Sabemos, por ejemplo, que en África existían numerosas rutas comerciales de especias, oro y sal hacia el 1000 a.C. Toda la zona sahariana era rica en yacimientos de sal. Las tierras ocupadas por los actuales países como Argelia, Marruecos, Libia, Túnez, etc., comerciaban con alejadas tierras como Egipto o Irán, lugar este último en el que encontramos dos grandes desiertos: el Dasht-i-Lut, cubierto de arenas y rocas, y el Dasht-i-Kavir, cubierto en su mayor parte de sal. No debe de extrañarnos que una parte importantísima de hechizos y sortilegios con la sal como protagonista proceda de lugares como los citados.
Muy lejos de allí, en Australia, los aborígenes ya conocían grandes salinas en el centro y sur de la Gran Cuenca Artesiana (lagos Eyre, Torrens, Frome y Gairdner), que son los restos de un vasto mar interior. Sabemos de la utilización de la sal en culturas como la australiana y oceánica en la conservación de cadáveres, que generalmente eran ahumados o salados en rituales religiosos y mágicos para su buena conservación.
Por su parte, entre el 700 y el 500 a.C., se hace patente que para los habitantes de la cultura del Hallstatt, ubicada en el centro de Europa y extendida hasta el mar Báltico y el Mediterráneo, la sal era un bien muy preciado. De hecho, su riqueza principal se basaba en la sal que extraían de las montañas próximas a sus poblados.
Las minas de Hallstatt estaban cavadas en la tierra a modo de pozo que llegaba a alcanzar los 400 m de profundidad. En estas zonas se han hallado numerosas huellas de actividad minera.
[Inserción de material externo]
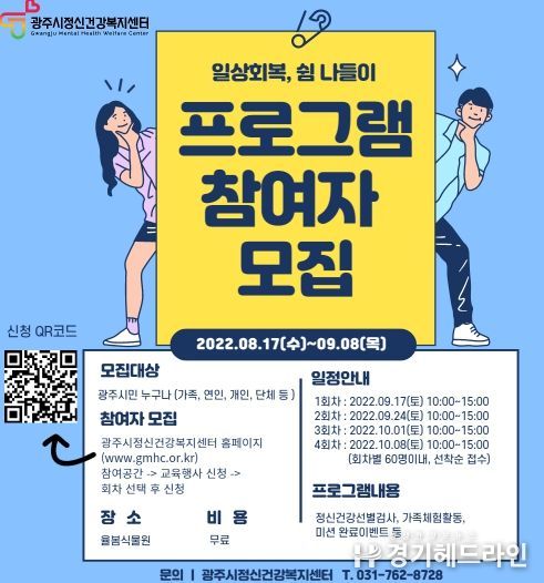 프로그램 참여 신청은 9월8일까지 광주시정신건강복지센터 홈페이지를 통해 누구나 가능하며, 궁금한 사항은 광주시정신건강복지센터로 문의하면 된다.

Los restos más destacables son galerías apuntaladas con vigas de madera, instrumentos de minería como las antorchas que se usaron para iluminar los oscuros pasillos y contenedores de madera que eran recubiertos de pieles y servían para albergar las grandes cantidades de sal que luego se extraían al exterior de la mina.
Cabe destacar que la cultura Hallstatt nos ha legado también todo un sistema de vida y religión muy ligado a lo que actualmente denominados celtas. Sabemos, por ejemplo, que los magos de los celtas eran los druidas y que conocían ciertas secretos sobre la conservación de cadáveres, para los que también empleaban la sal como un elemento más.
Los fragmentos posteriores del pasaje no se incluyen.